A novel Technique to Fight Parkinson’s Disease

A team of scientists consisting of an Iranian researcher has reported on their scientific progress made in the field of deep magnetic stimulation of the brain, through which it suggests that Parkinson's disease can be fought.

The Dutch university medical center at Maastricht UMC and the German Max-Planck and KIT institutes, with collaboration of “Ali Jahanshahi”, an Iranian researcher at the University of Maastricht, have announced a scientific breakthrough in magnetic deep brain stimulation.

More than six million people suffer from Parkinson’s disease in all over the world. This disease is often treated with what is known as “deep brain stimulation,” whereby a patient has centimeter-long electrodes implanted into their brain that stimulate certain areas.

It is a technique that is improving all the time, however, it has some drawbacks including fairly major surgery and also a patient has to undergo surgery not just for one time but several times. This is due to the fact that electrical stimulator is connected to a battery that must be replaced every couple of years.

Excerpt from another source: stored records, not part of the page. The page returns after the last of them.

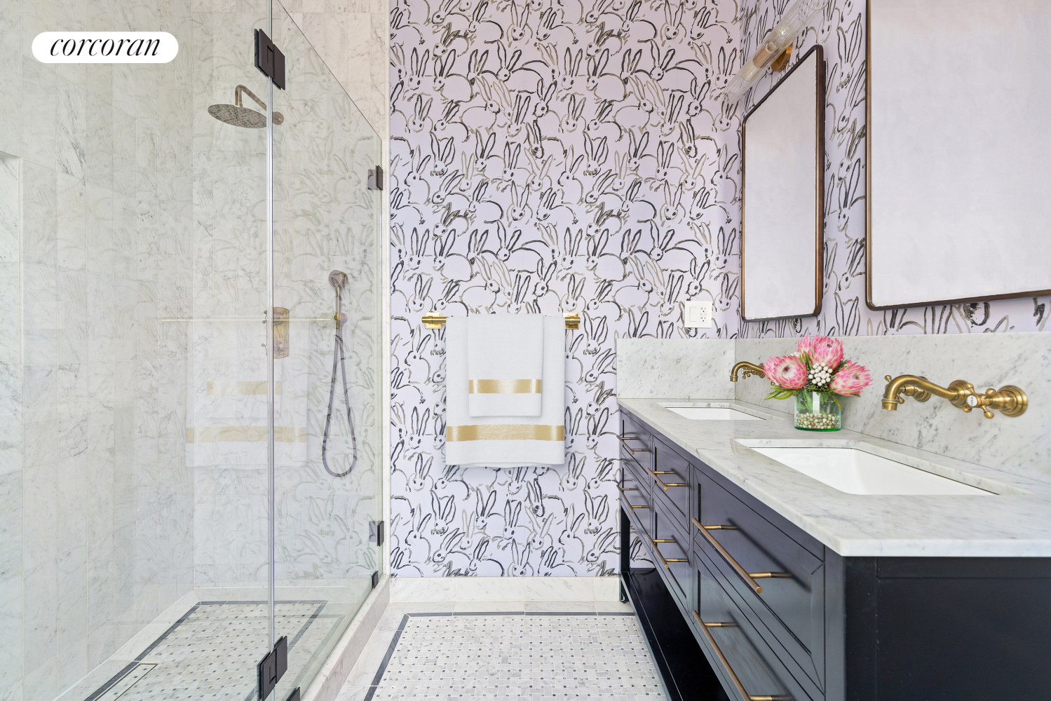 The second level offers a serene retreat with a cozy corner living room equipped with a custom wet bar, as well as two generously sized bedrooms. The primary suite stands out with its walk-in closet, private terrace, and a spa-like windowed bathroom boasting floor-to-ceiling marble.
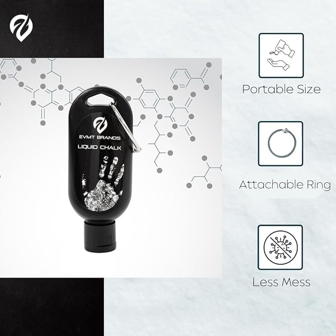 - Compact Travel-Size Liquid Hand Chalk Bottle – Skin-safe, quick-absorbing chalk for weightlifting, gymnastics, and rock climbing; made with premium ingredients to ensure long-lasting friction and palm dryness.
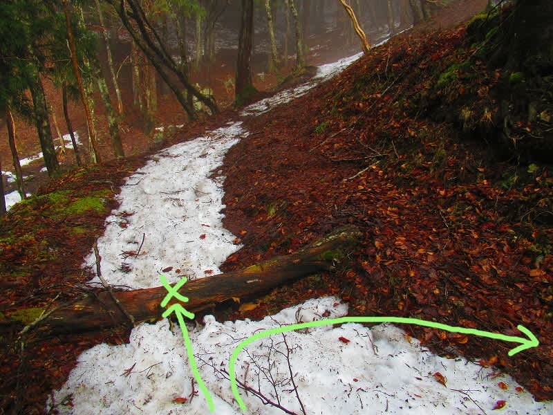 右の道は雪がないので、雪の上をそのまままっすぐ歩いてしまいました。
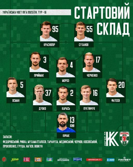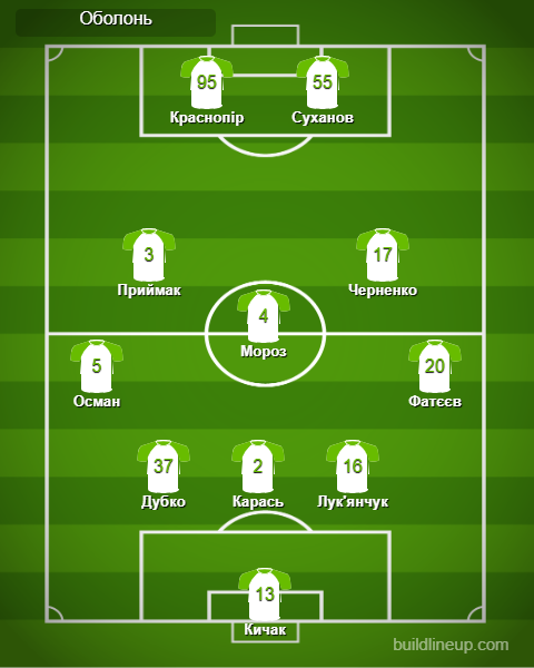 «Оболонь»: Кичак, Осман, Дубко, Карась, Лук'янчук, Фатєєв, Черненко, Приймак, Мороз, Краснопір, Суханов (Тарануха, 65).
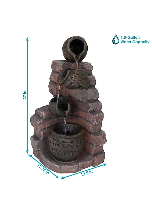 - RUSTIC ADDITION TO YOUR SPACE: Make a statement in your backyard, front porch, garden, and landscape with this gorgeous patio water feature. Measures 12.5″ length x 12.75″ width x 27″ height and weighs 17.6 pounds so it won’t tip over outside.
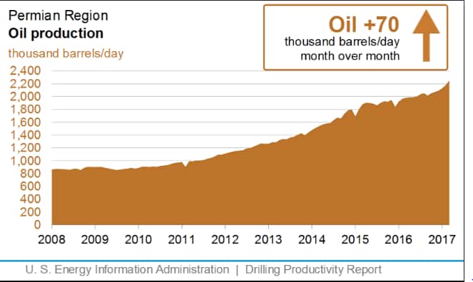 “The Permian never stopped growing and now it is going to add 300,000 to 500,000 (b/d) a year. As long crude prices are around $50 to $55, we’re in the sweet spot. The rig count is going to take off,” he told yours truly.
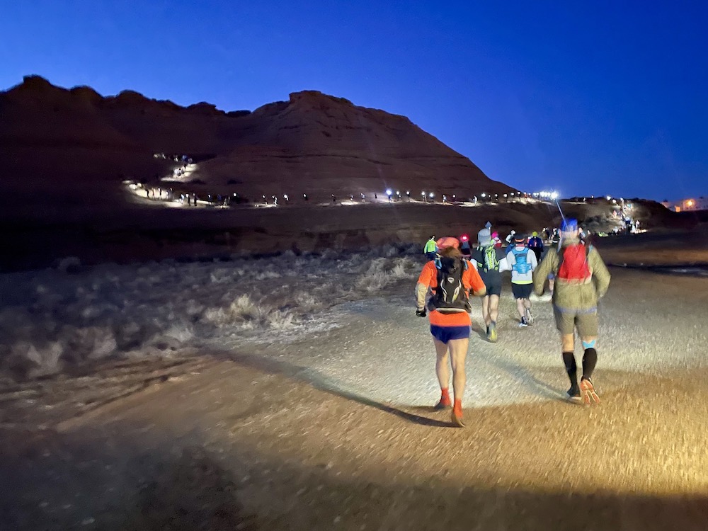 Eventually the canyon started to widen, and before we knew it we were back to exposed trail in the sun. The shade was welcome while it was there! And then it's back to the Horseshoe Bend aid station, where my drop bag was. We spent longer here this time around, taking full advantage of the message gun and all of the food options. I opted not to take my layers back, but I did grab my flashlight. I never ended up wearing any extra layers in the morning, so I figured I wouldn't need them at night either when it wouldn't be as cold.
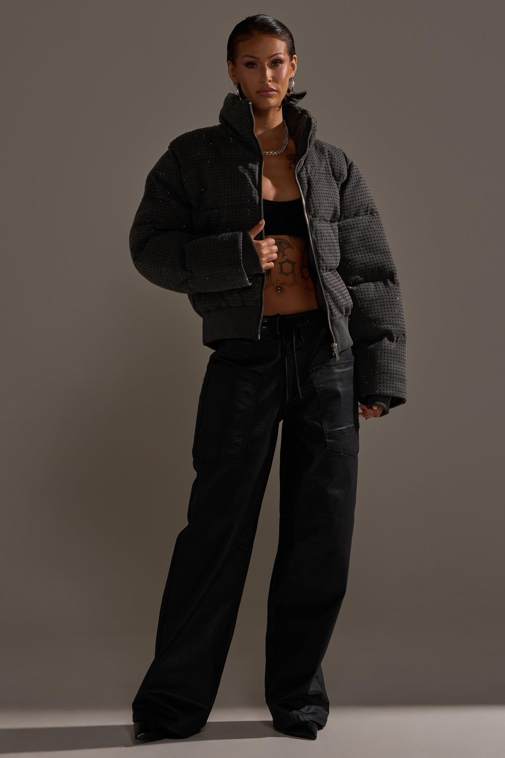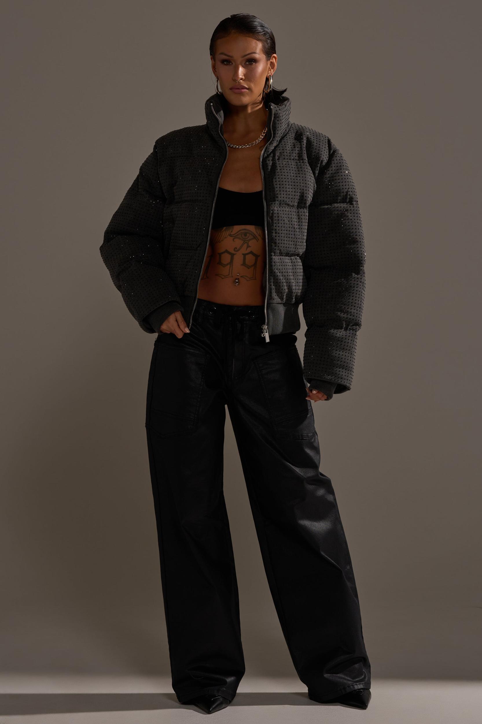 Edgier than your average jeans, The AKIRA Label Don’t Give Up Coated Wide-Leg Denim is crafted from a sleek, stretchy coated fabric with a subtle, inky sheen. They feature oversized front and back patch pockets, an adjustable drawstring waist with grommet details, and a high-rise, wide-leg silhouette. The waxed finish gives them a modern, street-style edge that transitions from day to night with ease. Complete with functional belt loops and a zip-button front closure. - 33% Cotton, 32% Rayon, 32% Polyester, 3% Spandex- Spot Clean Only- Some Stretch- Imported (all measurements approximate from size small)- 11” Rise- 31” InseamProduct ID: 1062988 (all measurements approximate from size 1X)- 13” Rise- 32” InseamProduct ID: 1062992

This is why scientists from various institutes in a joint project have figured out a different method that entails electrically charged nanoparticles being inserted into the brain instead. At just 50 nanometers in size, these nanoparticles are a thousand times smaller than a human hair. Once inserted into the brain, they can wirelessly stimulate the affected areas via a magnetic field.

“This is a major breakthrough in the field of deep brain stimulation,” says Ali Jahanshahi. “In future research, we intend to further study the possibilities and limitations of this new technology.” Jahanshahi recently received a grant from the Netherlands Organisation for Scientific Research (NWO) to carry out the research.